===== Task data =====

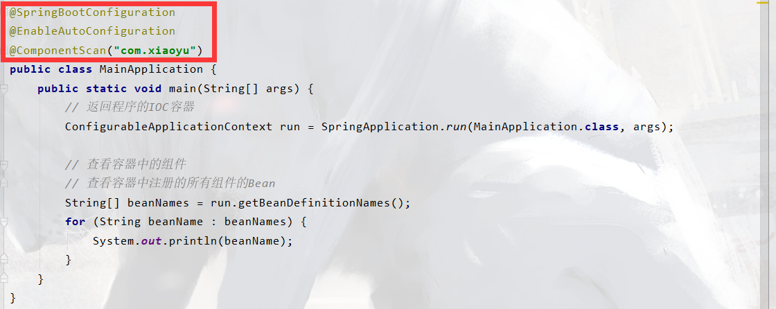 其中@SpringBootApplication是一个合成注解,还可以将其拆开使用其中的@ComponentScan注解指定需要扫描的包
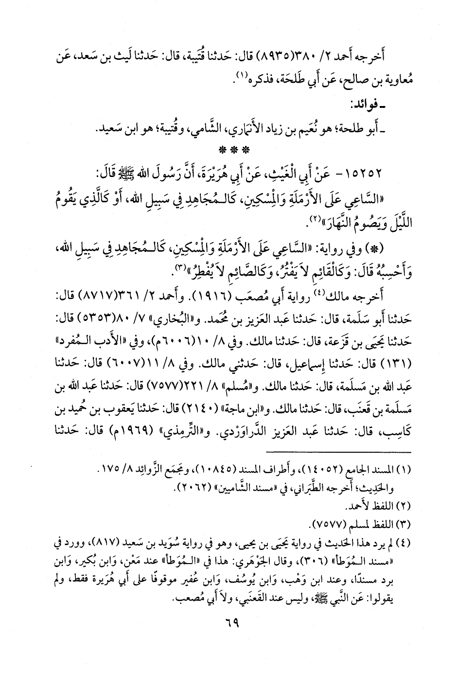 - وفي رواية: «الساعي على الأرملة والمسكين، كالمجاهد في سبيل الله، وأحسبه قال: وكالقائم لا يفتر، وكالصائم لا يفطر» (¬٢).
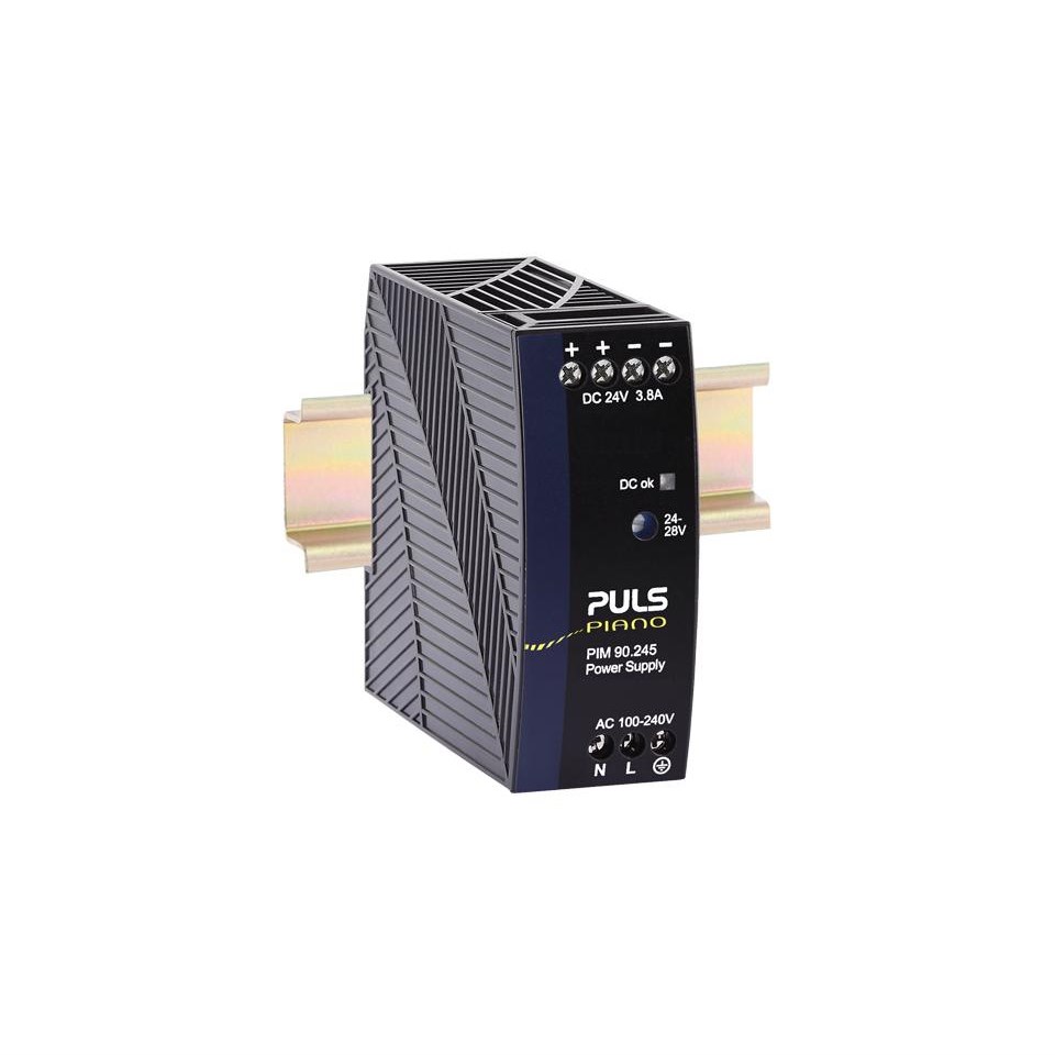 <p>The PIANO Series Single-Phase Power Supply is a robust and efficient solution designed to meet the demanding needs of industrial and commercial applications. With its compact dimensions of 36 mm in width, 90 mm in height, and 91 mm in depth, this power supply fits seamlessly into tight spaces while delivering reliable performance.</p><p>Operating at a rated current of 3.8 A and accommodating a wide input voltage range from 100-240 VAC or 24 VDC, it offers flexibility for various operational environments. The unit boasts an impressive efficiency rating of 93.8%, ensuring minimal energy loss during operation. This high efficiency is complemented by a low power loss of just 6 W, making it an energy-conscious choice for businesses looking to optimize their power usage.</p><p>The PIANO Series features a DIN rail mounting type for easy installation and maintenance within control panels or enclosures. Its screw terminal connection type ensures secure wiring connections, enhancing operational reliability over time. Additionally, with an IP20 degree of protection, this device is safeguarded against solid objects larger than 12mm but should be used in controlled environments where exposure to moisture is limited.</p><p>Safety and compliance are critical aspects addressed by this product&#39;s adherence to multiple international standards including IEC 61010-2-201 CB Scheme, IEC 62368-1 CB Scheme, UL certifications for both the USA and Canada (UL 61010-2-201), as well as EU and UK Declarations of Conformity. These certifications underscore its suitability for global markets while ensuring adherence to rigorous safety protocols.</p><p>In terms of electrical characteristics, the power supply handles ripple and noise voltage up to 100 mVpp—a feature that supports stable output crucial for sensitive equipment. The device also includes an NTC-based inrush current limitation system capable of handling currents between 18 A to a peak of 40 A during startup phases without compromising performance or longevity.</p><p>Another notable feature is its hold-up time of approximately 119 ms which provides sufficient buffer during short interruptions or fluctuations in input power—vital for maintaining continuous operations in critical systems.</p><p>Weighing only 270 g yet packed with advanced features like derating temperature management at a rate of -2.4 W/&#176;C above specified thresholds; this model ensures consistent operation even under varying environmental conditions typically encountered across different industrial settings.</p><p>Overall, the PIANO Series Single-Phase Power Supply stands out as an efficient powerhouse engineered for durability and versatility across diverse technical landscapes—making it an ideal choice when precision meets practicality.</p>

=====
===== Task data =====

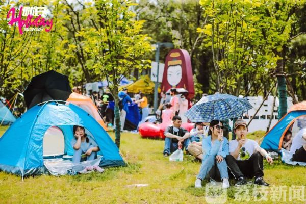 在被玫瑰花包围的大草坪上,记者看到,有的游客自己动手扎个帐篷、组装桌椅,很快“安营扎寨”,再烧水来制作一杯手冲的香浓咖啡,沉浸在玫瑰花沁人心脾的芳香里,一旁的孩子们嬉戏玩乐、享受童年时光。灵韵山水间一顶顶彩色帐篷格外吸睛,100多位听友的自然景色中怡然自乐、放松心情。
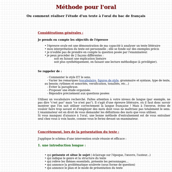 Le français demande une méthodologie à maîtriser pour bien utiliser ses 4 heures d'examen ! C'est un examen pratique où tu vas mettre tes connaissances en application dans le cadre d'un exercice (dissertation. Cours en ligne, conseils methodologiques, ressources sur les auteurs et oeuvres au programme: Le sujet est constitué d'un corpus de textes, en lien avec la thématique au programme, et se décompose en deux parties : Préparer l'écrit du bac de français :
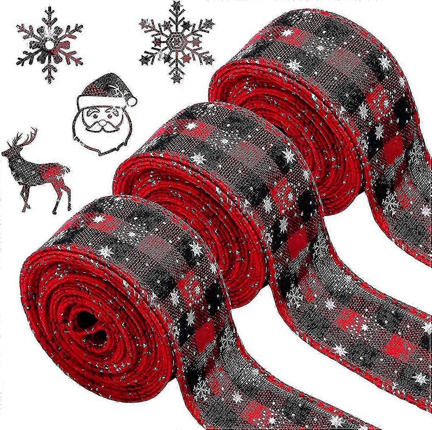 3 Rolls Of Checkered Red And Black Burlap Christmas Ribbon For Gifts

=====
===== Task data =====

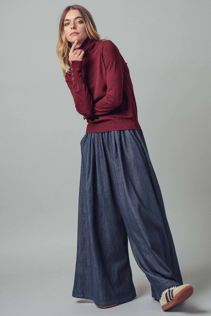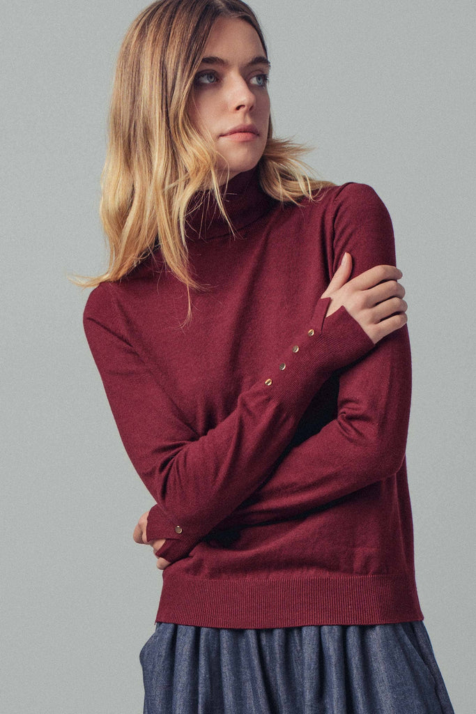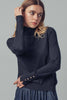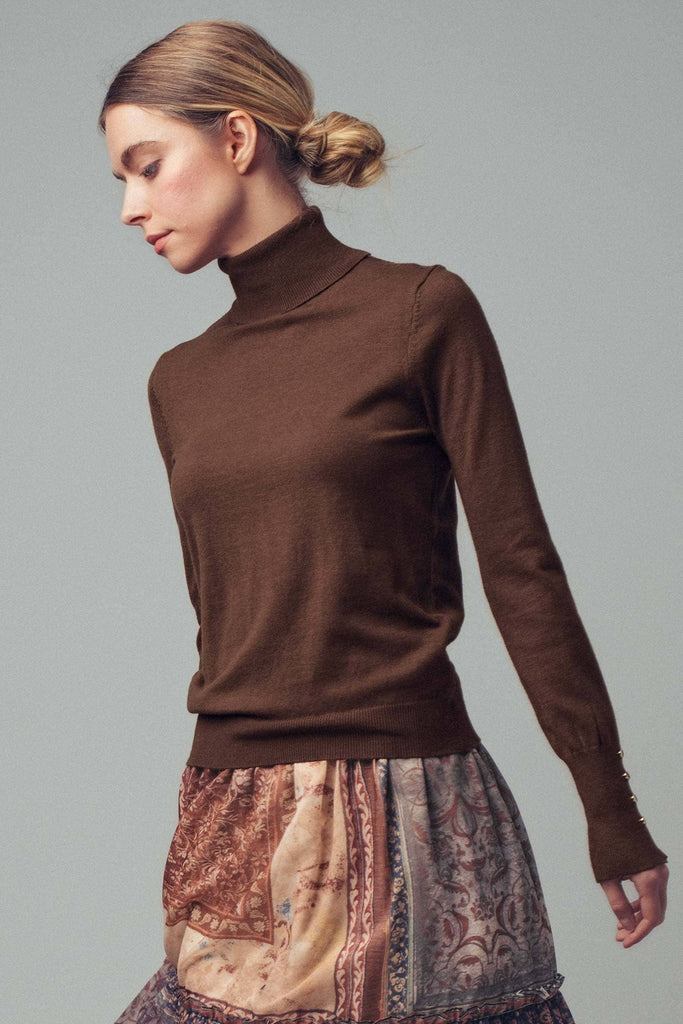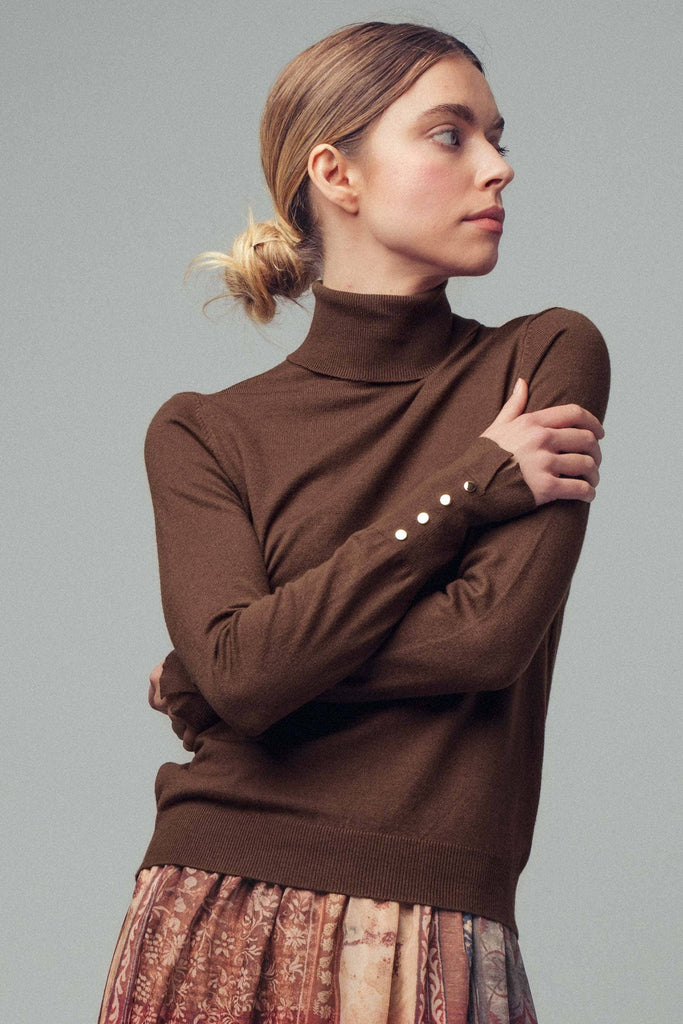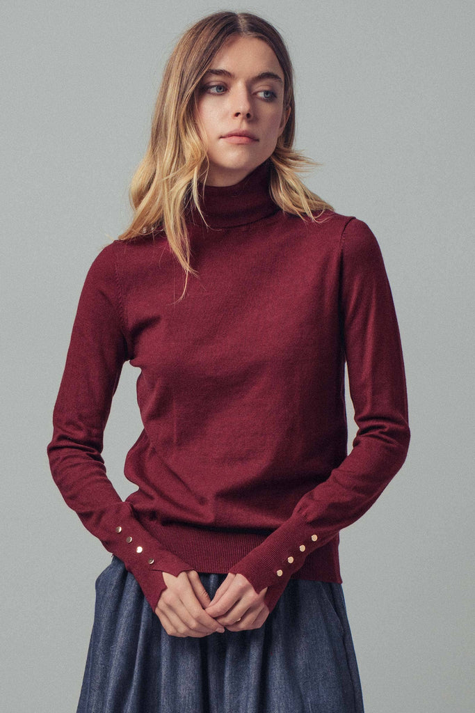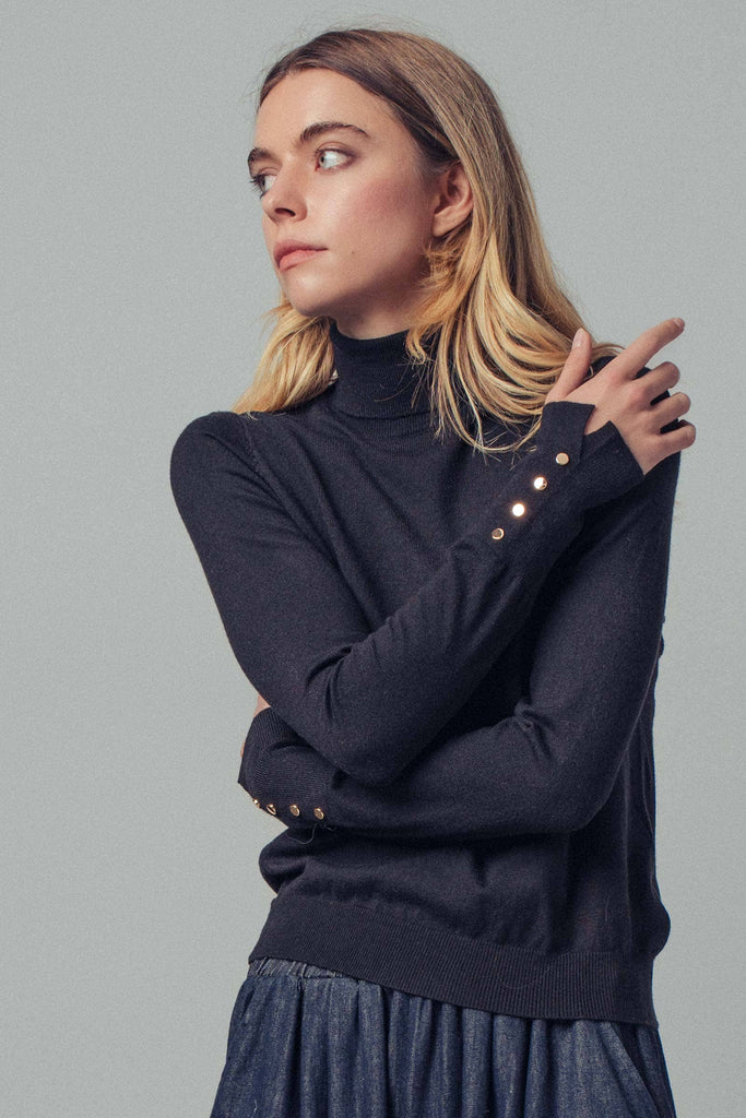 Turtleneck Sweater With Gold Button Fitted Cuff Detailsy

=====

* **What the task asks**
Quote word for word only the lines above from the one containing "Le français demande" through the one containing "3 Rolls Of Checkered". Pictures stay out of your copy.

* **Finished task**
 Le français demande une méthodologie à maîtriser pour bien utiliser ses 4 heures d'examen ! C'est un examen pratique où tu vas mettre tes connaissances en application dans le cadre d'un exercice (dissertation. Cours en ligne, conseils methodologiques, ressources sur les auteurs et oeuvres au programme: Le sujet est constitué d'un corpus de textes, en lien avec la thématique au programme, et se décompose en deux parties : Préparer l'écrit du bac de français :
 3 Rolls Of Checkered Red And Black Burlap Christmas Ribbon For Gifts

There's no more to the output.